I hear what you're saying Pup. And I hear ya WDID. Dr., I've been following along on your sitch, but don't really have anything to add that others haven't.

I've calmed down now. Weekend was good. She didn't bring up my note, but it definitely had an affect on her because she was even better than she's been.

So....what to do? Time to confront like Pup suggests? Give her more time and talk like WDID suggests? Or something else?

Here's what I think I'm going to do.

W continues to say the right things (except for that elusive 'I love you'). And not in a calculated way. Just off hand comments during conversations that tell me she's planning on staying.
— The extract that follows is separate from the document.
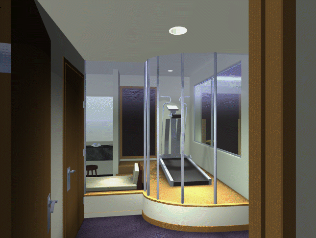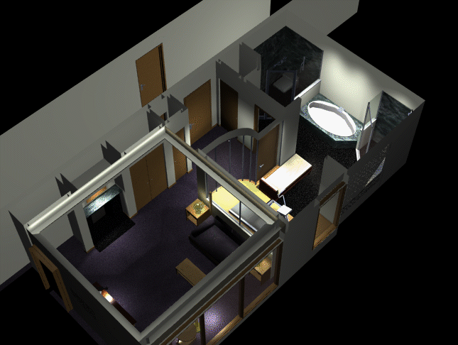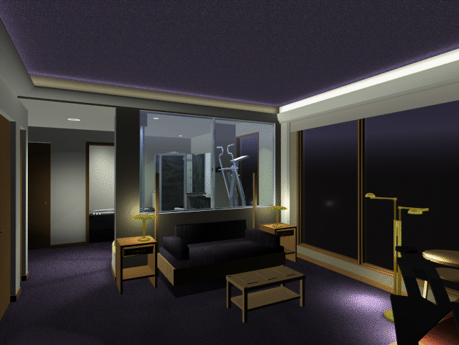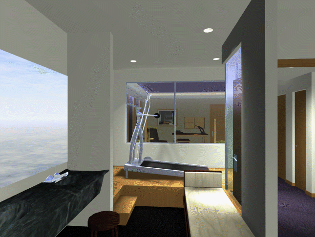 In winter of 1995, staff and students at the CEDeS Lab undertook a project simulating an architectural interior for Westin Hotels. Westin Hotels is interested in the design and development of hotel rooms tailored to the business traveler of the 21st century. They provided a design of a guest room, which the CEDeS Lab modeled and simulated as an animation. The guest room features a large bathroom complete with an exercise area, a bed which folds to a sofa for daytime use, and glass of variable transparency controlled by the hotel guest.

So what does that tell me? Tells me that it could be a number of things that are holding her back. Could be continued contact with OM, in a 'how's it going' way. Could be her pride/ego with me. Could be pride/ego with EGF.
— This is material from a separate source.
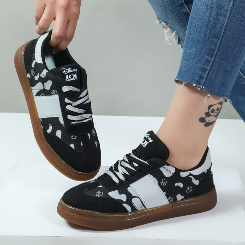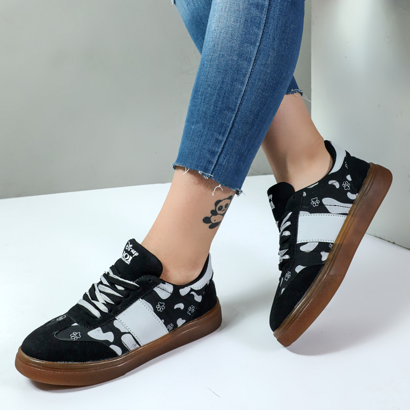کفش کتونی زنانه رنگ مشکی سفید مدل پاپی کد 81750

Whatever it is, I truly feel like she's figuring it out and will get there on her own time frame. Obviously not as fast as I'd like, but she will. Maybe this is God's way of teaching me patience, because he knows I was the most impatient person alive prior to this, and he's not done teaching me that lesson yet.

Anyway....lets say I confront now, just when she's figuring this out on her own and she breaks down and admits everything and and and....but it's not on her terms. But if she IS figuring it out and gets defensive because I've pushed. What then? I don't really have many options this minute. Can't separate without taking a bath on the house and disrupting S17's senior year in H.S. Company isn't transferring people due to the economy. Not a good option.

So if she's figuring it out on her own and I give her more time, isn't it better for US in the long run? Lets say I confront that I suspect she is still talking to OM and she isn't, but it's the other things that could be holding her back?

W moves out of 'their' building in a week and a half. I'm going to see if there's a change in her then. EGF is getting married this weekend and I don't suspect she'll stay working there much longer because the new victim lives another 1/2 hour further away from work and she's already talking about finding a new job closer to (new) home. W and I are going away for the weekend this weekend. First week of August, family vacation to Myrtle Beach. First week of Nov, W and I are going to Disney again.

Thing is, I think W knows what's holding her back and is dealing with it in her own way. Whether it's contact with OM or her pride/ego/guilt, who knows. But if she's dealing with it, which I see, then it's best in the long run, for us, for her to deal with it rather than me pushing her.

And come winter time, if we're still where we are, then S17 will be half way through his senior year and I'll make my decisions then.

Go ahead Pup, let me have it. But I know my W. And trust me, IF we're going to make it, she HAS to figure this out and deal with it her own way. Me pushing is the WRONG way, I think. And come winter, if we're still in the same spot, I'll be ready to move on, S17 will be in a better place, work will be in a better place and I'll be ready to go.

Oh, and one more thing that makes me think W is figuring it out. Friday night we were talking and she made a comment that EGF wants her to fly to Montana for her wedding this weekend. W told EGF, "I'm old enough to be your mother, it's not like I'm the maid of honor or something". Ah...EGF isn't what she used to be. Guess my not attacking her was the right move there.

Ok, I know this is rambling so go a head and ask if something doesn't make sense.

Thanks for listening.


Hope4us

Me - 49, W 49
S22 & S18
Dday 9/4/07
W claims NC 4/7/08
8/29/09 - Divorce Busted. Lots to work through, but we're going to make it.